Troubleshooting replication and revision creation

Revision creation and replication of data objects are handled asynchronously. Policies add metadata attributes to data objects that need to be replicated or have a new revision. The replication and revision creation cronjobs process these data objects asynchronously.

Generic information about these background jobs can be found on the page about background processes. This page contains advice regarding how to troubleshoot these processes.

In Yoda 1.9 and higher, the revision and replication jobs run in verbose mode by default, which means the rodsLog typically has information regarding which data objects are being processed by these jobs. A good first step is to look up in the rodsLog what the relevant job is doing and whether the jobs show any errors, in particular permission errors (which are a common cause of replication/revision errors). When in doubt about whether permissions are correct, you can use the iget command to verify that a data object is accessible to the rods account.

If a job is not configured to run in verbose mode, you can run it in verbose mode manually (see below).

Running a job in verbose mode manually

If a data object is not replicated or does not get a new revision, first check whether this behaviour is caused by configured delay parameters (async_replication_delay_time and async_revision_delay_time). If this is not the case, consider stopping and temporarily disabling the background process cronjob for troubleshooting. This can be done by temporarily setting the background process stop flag (/ZONE/yoda/flags/stop_replication or /ZONE/yoda/flags/stop_revisions) and waiting for the job to finish. See the page about setting job flags for more information.

The iquest command can be used to print a list of data objects that are queued for replication or revision creation. Example for replication:

iquest "%s/%s" --no-page "SELECT COLL_NAME, DATA_NAME  where META_DATA_ATTR_NAME = 'org_replication_scheduled'"

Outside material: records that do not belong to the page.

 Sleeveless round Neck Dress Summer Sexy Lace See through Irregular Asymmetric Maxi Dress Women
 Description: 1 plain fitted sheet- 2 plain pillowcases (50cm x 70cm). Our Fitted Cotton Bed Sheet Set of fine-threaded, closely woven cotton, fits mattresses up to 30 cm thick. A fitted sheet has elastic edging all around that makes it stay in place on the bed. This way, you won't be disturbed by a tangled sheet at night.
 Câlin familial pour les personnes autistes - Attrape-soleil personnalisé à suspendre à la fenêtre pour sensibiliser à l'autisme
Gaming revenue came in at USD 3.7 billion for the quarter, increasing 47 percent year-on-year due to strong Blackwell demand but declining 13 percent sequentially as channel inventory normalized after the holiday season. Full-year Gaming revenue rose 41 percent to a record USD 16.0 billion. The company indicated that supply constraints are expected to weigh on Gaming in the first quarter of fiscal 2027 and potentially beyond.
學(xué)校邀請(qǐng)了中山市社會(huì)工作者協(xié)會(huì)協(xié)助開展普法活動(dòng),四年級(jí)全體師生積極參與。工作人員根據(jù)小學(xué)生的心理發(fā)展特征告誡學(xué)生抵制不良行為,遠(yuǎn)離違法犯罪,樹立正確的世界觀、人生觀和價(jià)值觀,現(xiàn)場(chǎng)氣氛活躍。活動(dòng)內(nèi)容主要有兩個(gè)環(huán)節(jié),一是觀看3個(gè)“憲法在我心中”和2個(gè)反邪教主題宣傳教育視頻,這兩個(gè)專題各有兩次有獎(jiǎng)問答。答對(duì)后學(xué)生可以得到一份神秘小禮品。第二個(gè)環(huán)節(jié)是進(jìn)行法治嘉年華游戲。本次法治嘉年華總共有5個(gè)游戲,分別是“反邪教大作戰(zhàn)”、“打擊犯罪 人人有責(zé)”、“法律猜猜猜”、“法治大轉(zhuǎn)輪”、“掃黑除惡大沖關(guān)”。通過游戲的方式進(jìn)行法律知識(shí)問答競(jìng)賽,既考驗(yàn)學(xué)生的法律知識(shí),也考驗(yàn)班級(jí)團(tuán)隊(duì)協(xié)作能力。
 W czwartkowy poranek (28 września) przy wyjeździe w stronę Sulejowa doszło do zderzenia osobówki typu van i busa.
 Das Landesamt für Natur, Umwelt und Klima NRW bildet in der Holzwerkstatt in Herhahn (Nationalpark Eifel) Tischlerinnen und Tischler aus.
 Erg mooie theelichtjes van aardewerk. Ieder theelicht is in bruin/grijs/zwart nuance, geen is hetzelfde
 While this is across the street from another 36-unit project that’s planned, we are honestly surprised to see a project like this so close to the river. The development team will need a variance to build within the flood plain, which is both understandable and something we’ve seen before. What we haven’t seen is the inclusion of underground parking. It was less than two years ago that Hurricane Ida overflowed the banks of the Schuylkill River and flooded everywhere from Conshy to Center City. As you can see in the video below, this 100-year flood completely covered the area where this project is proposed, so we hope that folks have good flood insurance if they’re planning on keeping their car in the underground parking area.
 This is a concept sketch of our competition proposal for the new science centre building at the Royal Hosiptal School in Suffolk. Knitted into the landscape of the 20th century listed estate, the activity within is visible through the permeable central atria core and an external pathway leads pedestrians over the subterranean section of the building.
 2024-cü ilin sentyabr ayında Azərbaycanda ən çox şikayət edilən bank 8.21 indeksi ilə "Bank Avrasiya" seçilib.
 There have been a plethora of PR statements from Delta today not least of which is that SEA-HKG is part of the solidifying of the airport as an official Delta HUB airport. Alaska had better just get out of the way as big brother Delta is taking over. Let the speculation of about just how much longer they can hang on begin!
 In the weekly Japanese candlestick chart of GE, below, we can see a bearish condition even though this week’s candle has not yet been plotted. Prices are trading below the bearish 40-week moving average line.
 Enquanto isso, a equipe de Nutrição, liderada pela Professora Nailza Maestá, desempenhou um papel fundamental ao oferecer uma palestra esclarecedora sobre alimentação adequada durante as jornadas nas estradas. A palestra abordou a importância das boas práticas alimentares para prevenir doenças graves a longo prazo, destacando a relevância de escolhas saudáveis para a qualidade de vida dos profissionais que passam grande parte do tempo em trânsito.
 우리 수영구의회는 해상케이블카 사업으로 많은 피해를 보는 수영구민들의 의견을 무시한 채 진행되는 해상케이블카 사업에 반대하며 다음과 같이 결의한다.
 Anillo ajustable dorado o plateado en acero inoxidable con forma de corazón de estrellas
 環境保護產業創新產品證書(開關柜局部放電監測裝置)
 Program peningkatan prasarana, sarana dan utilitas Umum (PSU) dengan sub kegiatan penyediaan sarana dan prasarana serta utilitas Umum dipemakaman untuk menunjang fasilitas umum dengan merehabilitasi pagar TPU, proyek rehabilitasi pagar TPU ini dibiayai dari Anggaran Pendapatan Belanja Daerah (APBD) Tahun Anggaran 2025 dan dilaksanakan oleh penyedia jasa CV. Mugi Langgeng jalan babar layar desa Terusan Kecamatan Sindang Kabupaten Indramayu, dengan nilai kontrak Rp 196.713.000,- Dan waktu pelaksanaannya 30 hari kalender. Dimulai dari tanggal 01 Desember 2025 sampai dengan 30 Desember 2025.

If it seems that the background job is failing, or a data object is not getting processed despite having the expected metadata attribute, you could run the background job in verbose mode. Remember to remove the stop flag of the process first; otherwise the background job will not start. If many data objects (or large data objects) are queued for replication or revision creation it may be advisable to run the job in a tmux session. Running the jobs in verbose mode will log additional information about data objects being processed to the rodsLog. Example command for the replication job:

/bin/python /etc/irods/yoda-ruleset/tools/async-data-replicate.py -v

Running a job in dry run mode

Both the replication and revision creation jobs can be run in dry run mode, which means that they will not create any replications or revisions, but simulate what would happen if they did. The parameters are async_replication_dry_run and ` async_revision_dry_run` for replication and revision, respectively.